In May 2017, McCready announced his candidacy for the United States House of Representatives in. On May 8, 2018, McCready easily won the Democratic Party primary election while former pastor Mark Harris unseated incumbent representative Robert Pittenger in the Republican primary. The New York Times described the race between Harris and McCready as a "top-tier contest". A CBS News story called the race "one of the most competitive". On election day, unofficial vote tallies showed Harris defeating McCready by 905 votes, but on November 27, 2018, the North Carolina State Board of Elections and Ethics Reform declined to certify the election results, citing voting irregularities involving absentee ballots in the eastern part of the district. The irregularities became the subject of a criminal investigation into an alleged ballot harvesting scheme to elect the Republican Harris. It was orchestrated by Republican political operative McCrae Dowless in Bladen and Robeson Counties. The Associated Press subsequently retracted calling the race, pending the ultimate decision of the state board of elections. On November 30, the election board of the district decided to hear evidence about "claims of numerous irregularities and concerted fraudulent activities" at a meeting to be held by December 21, which was subsequently delayed to January 10, 2019, after the new Congress was scheduled to be seated. McCready withdrew his earlier submitted concession on December 6. In February 2019, the bipartisan election board unanimously determined they would not certify the results because of ballot fraud by Republican operatives. They called for a special election to be held. The state legislature passed a law requiring new party primaries.

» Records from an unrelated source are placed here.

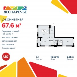 2-комн. квартира от застройщика в ЖК "Деснаречье" на 15 этаже. Квартира без отделки, после оформления собственности можно делать ремонт. Общая площадь: 67.6 кв.м., жилая: 27.5 кв.м., площадь просторной кухни-столовой: 20.3 кв.м. Квартира очень светлая, трехсторонняя, планировка кoмфopтнa...
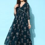 Teal Foil Print Organza Kurta Set
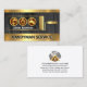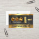 Ein exquisites graues Holzgehäuse mit einem handlichen Werkzeugdesign, das durch goldene Schichten in den oberen und unteren Kartenschichten eingekapselt ist. Die Werkzeuge, d.h. das Bohrband, der Power-Stecker, der Wasserhahn und der Rollenbürste, können einige der Dienstleistungen darstellen, die Sie anbieten. Die Holzschicht selbst kann Schreiner, Holzarbeiten usw. darstellen. In der Nähe der abgerundeten Ikonen liegt Ihr Prestigename mit dem Firmennamen "HANDYMAN SERVICE" an der Basis. Auf der Rückseite, in einem weißen Deckel, befindet sich oben ein goldenes "Zuhause-elektrische Säge"-Logo, das Sie verwenden können. Danach folgen Ihr Name, die Kontaktdaten und ein Slogan, um Ihre Dienste bekannt zu machen. Ein kreatives Design für Handwerker, Generalunternehmer zum Gebrauch. #handyman #construction #homeconstruction #Gebäude #homerepair #buildingtragning #generaltragnant #builder #remodelder #handymantools
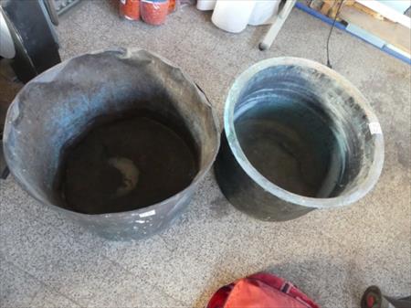 Cuvelles en cuivre : Diamètre et hauteur : 1 x 65 cm x 50 cm 1 x 60 cm x 47 cm Remarque : enlèvement et chargement à charge de l'acquéreur, se trouve au premier étage
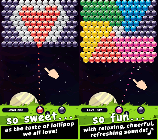 Bubble shooter game meets Lollipop in this new, cute and super-addictive puzzler. Shoot bubbles in space to help LOLLY solve hundreds of special designed levels. Help LOLLY pop all bubbles and overcome challenges during bubble shoot in her mission to discover the secrets of the lollipop galaxy!
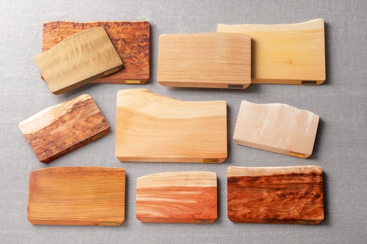 素材: 国産天然木(杉杢、桜、朴、欅、榧、檜など)、真鍮プレート
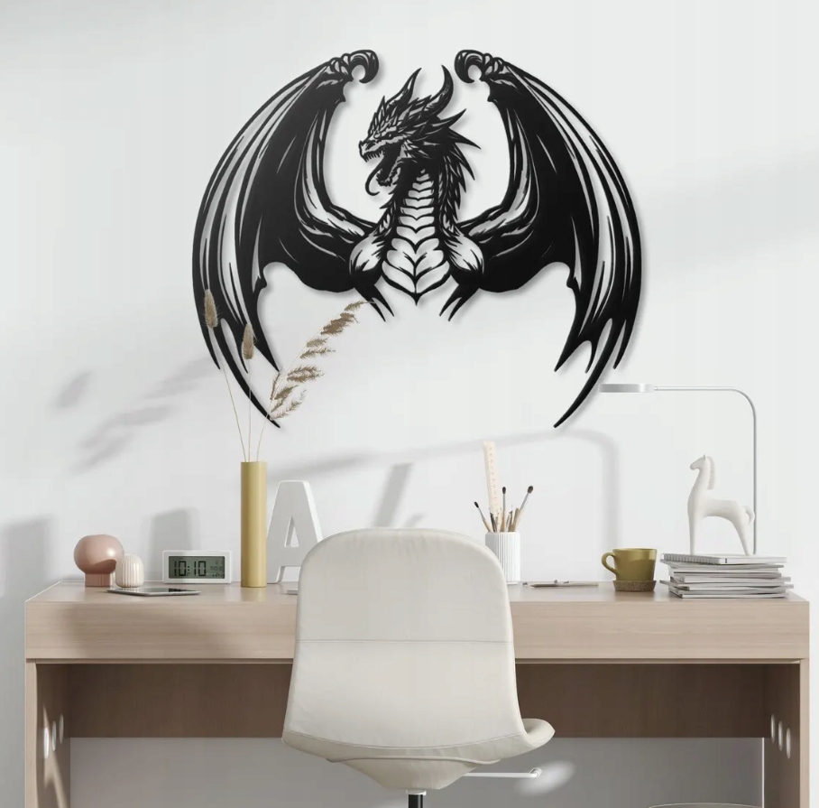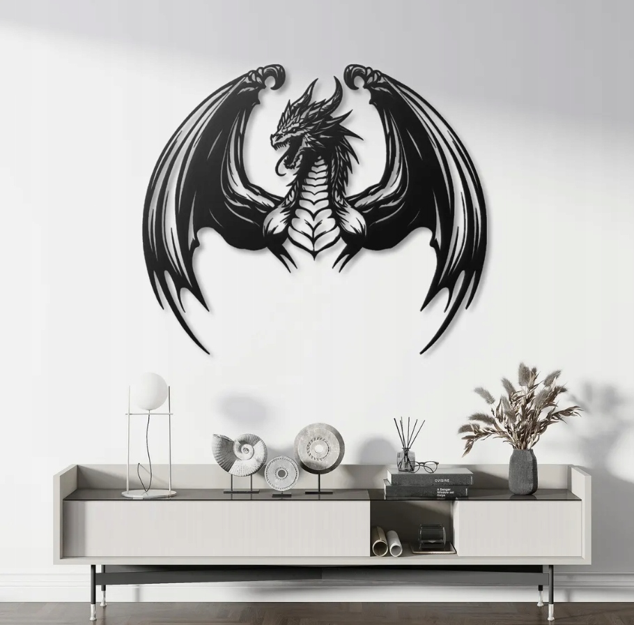 Motyw smoka symbolizuje moc, odwagę i niezłomność. To dekoracja idealna dla osób ceniących fantastyczne, mityczne motywy i ekspresyjne formy artystyczne. Doskonale sprawdzi się w nowoczesnych wnętrzach, nadając im wyjątkowego charakteru i tajemniczej atmosfery. Smok staje się tu strażnikiem przestrzeni – symbolem siły ducha i wewnętrznej energii.
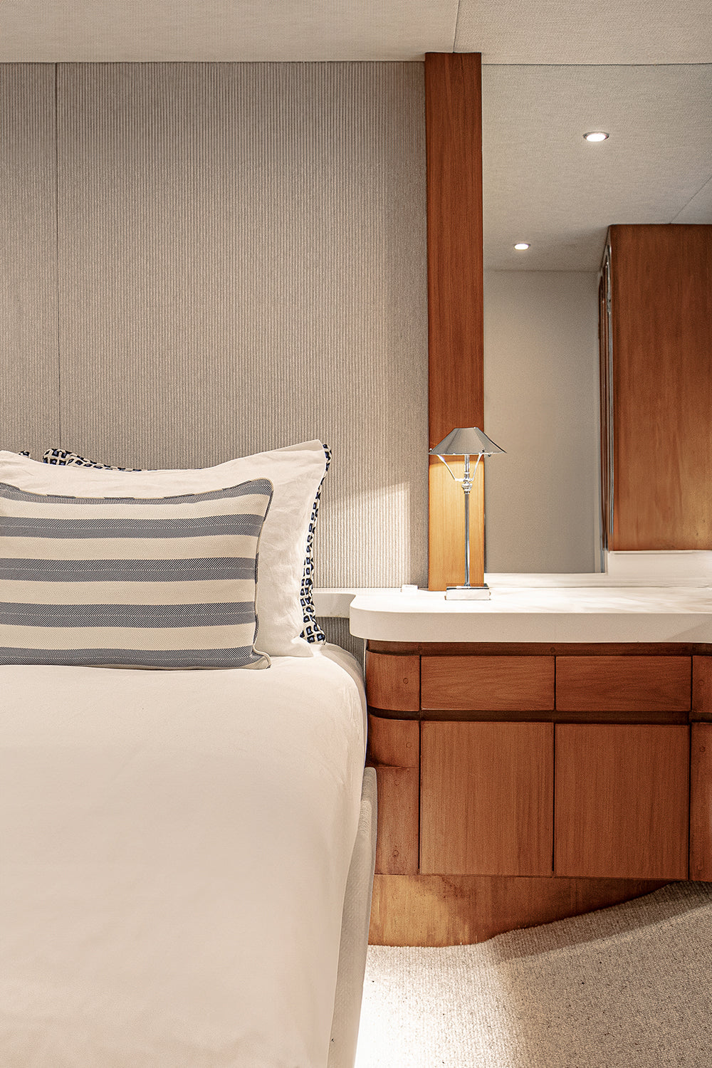 Moored in the beautiful Gold Coast City Marina is the stunning 75ft motor yacht which underwent a full interior refit by Brownlow Interior Design. This was a particularly fun project to work on and a welcome change to our residential oriented projects.

2019 U.S. House of Representatives special election
The election board called a special election to be held for this congressional seat. A newly passed law by the North Carolina General Assembly requires such a do-over to include the holding of new preceding primaries for the parties. McCready filed to run in the special election. McCready's major party opposition was Republican State Senator Dan Bishop. The election was held on September 10. During the election, President Donald Trump claimed that McCready "wants to take away your guns", "raise your taxes", "likes open borders", and "really admires socialism." CNN described Trump's claims as comprehensively inaccurate, as McCready advocates for tax cuts for the middle class, does not advocate for taking guns away and supports physical barriers on the border. On September 10, 2019, Bishop won the 2019 special election to Congress with 50.7% of the vote to McCready's 48.7%.
Personal life
Dan is the husband of Laura Thornhill McCready, a children's attorney. They met while students at Duke on a backpacking trip. They have four children.